Despite not seeing herself playing the role and initially refusing four times to audition for it, DeBose played Anita in the 2021 film adaptation of the musical West Side Story, directed by Steven Spielberg. The film was released in December 2021 to critical acclaim. DeBose received critical attention for her performance of Anita, with Caryn James of BBC praising her performance, declaring, "Anita, in a layered, dynamic performance by Ariana DeBose, is the centre of attention, swirling her skirt and dancing to the Latin rhythms that infuse the film." David Fear of Rolling Stone wrote, "DeBose...strong contender for Most Valuable Player here, whose energy—in her singing, her dancing, her line-reading, her side-eyeing—could power a metropolitan block." She also received multiple accolades, including a Golden Globe Award, a BAFTA Award, a Critics' Choice Movie Award, and a Screen Actors Guild Award, making her the first Afro-Latina and queer woman of color to win the latter award, and the Academy Award for Best Supporting Actress at the 94th Academy Awards.

Following her West Side Story success, it was announced that DeBose would host the 75th Tony Awards.

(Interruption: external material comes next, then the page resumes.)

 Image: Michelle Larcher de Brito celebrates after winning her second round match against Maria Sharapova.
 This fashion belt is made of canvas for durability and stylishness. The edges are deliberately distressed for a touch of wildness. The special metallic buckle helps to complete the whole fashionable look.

DeBose called the opportunity to host "a bucket list moment" that "I didn't know I had." She received generally positive reviews for the show and received a nomination for the Primetime Emmy Award for Outstanding Variety Special (Live) at the 75th Primetime Emmy Awards. She also made a recurring appearance in the fourth season of the HBO science fiction series Westworld.

===2023–present===
DeBose went viral on Twitter after performing at the 76th British Academy Film Awards, where she celebrated the female nominees by name in an original freestyle rap performance. Despite being described by Variety as “a little out of breath at some points” and that the lyrics "felt clumsy", show producer Nick Bullen defended the performance, claiming it was well received by the live audience and that the criticism was "incredibly unfair" and he "absolutely loved it". The rap went viral with lines like "Angela Bassett did the thing" becoming pop culture memes. DeBose has subsequently performed the rap in concert. DeBose voiced the lead character of Asha in the 2023 Disney animated film Wish.

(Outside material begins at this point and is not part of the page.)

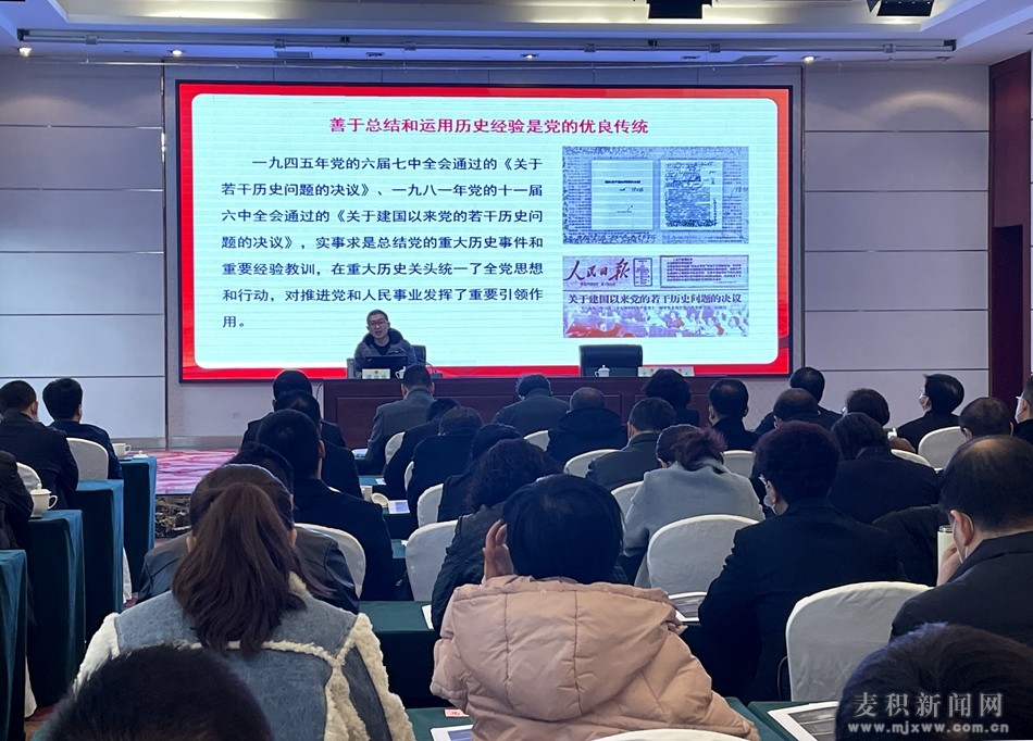麥積區(qū)融媒體中心訊(記者 張麗媛)2月24日,麥積區(qū)人大常委會召開深入學(xué)習(xí)貫徹黨的十九屆六中全會精神宣講報告會。邀請中共天水市委講師團(tuán)成員,市委黨校黨史與黨建教研室副主任、講師,天水市哲學(xué)學(xué)會理事侯強(qiáng)強(qiáng)作宣講報告。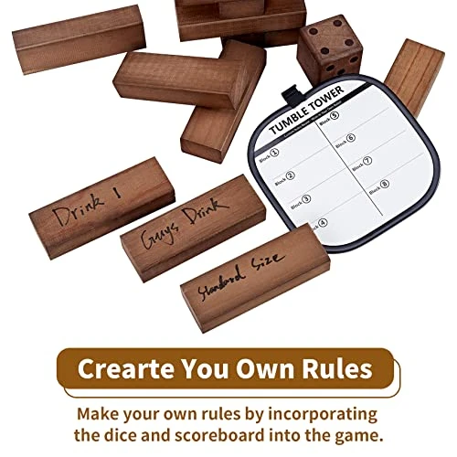 - 【Perfect Family Game & Group Party】Our Giant Timber set is easily for people of all ages to play, including Teens, Adults, Family. Parents can get timber for Back Yard fun. It’s the best family activity spans the age gap. You can personalize the set and gather round your friends to play with it. With Scoreboard, Marker Pen and Dice, make up your own rules by incorporating the Dice,White Scoreboard,Marker Pen into the game. No complicated and easy to play for everybody.

In 2024, DeBose had a starring role in the science-fiction thriller I.S.S. and a supporting role in the spy film Argylle. She appeared as Calypso Ezili in the superhero film Kraven the Hunter, directed by J.C. Chandor. The following year, DeBose starred in the action comedy Love Hurts alongside Ke Huy Quan; DeBose was the one who presented Quan with his Oscar at the 95th Academy Awards in 2022. All these films were poorly received by critics.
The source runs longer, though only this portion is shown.